◆ **DATASET CONTENT**
▽
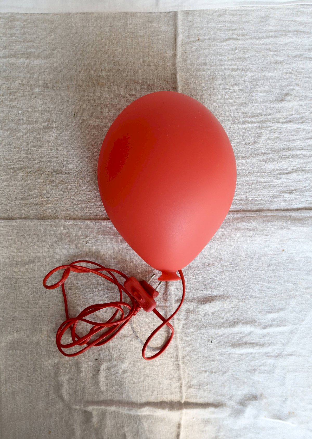 IKEA wall lamp "DRÖMMINGE" in the shape of a balloon, bright red color, playful 90's design. Vintage condition with minor signs of use; one side screw missing (see photos). Dimensions: 30cm X 21cm. L: 30 W: 10 H: 20.
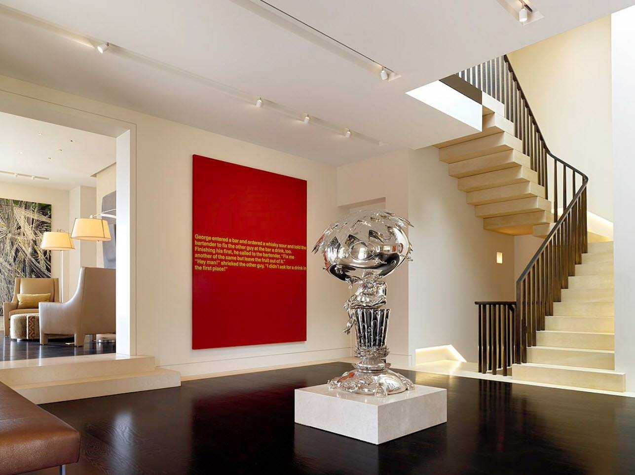 В таком интерьере не стоит делать ярких цветовых акцентов: дополнением могут стать серебряные статуэтки, вазы из прозрачного стекла, зеркала в посеребренных рамах, графические изображения на постерах и картинах.
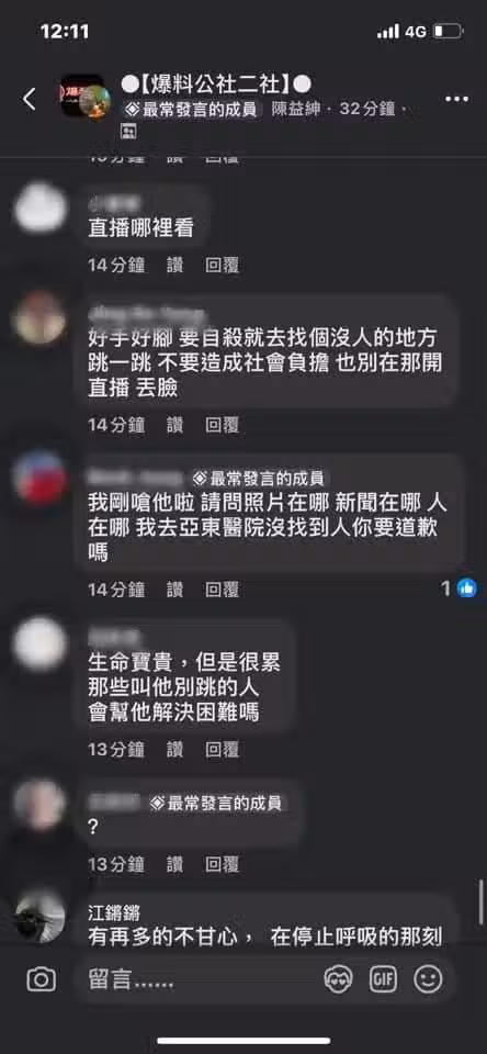 臉書揚言輕.生!台灣大咖直播後「從10幾層高.樓.跳.下」當場身亡.... #好多酸民叫他去.死
△
◆ **ABOUT THIS TASK**
Would you copy out the data exactly, leaving every picture out?

◆ **ANSWER SECTION**
 IKEA wall lamp "DRÖMMINGE" in the shape of a balloon, bright red color, playful 90's design. Vintage condition with minor signs of use; one side screw missing (see photos). Dimensions: 30cm X 21cm. L: 30 W: 10 H: 20.
 В таком интерьере не стоит делать ярких цветовых акцентов: дополнением могут стать серебряные статуэтки, вазы из прозрачного стекла, зеркала в посеребренных рамах, графические изображения на постерах и картинах.
 臉書揚言輕.生!台灣大咖直播後「從10幾層高.樓.跳.下」當場身亡.... #好多酸民叫他去.死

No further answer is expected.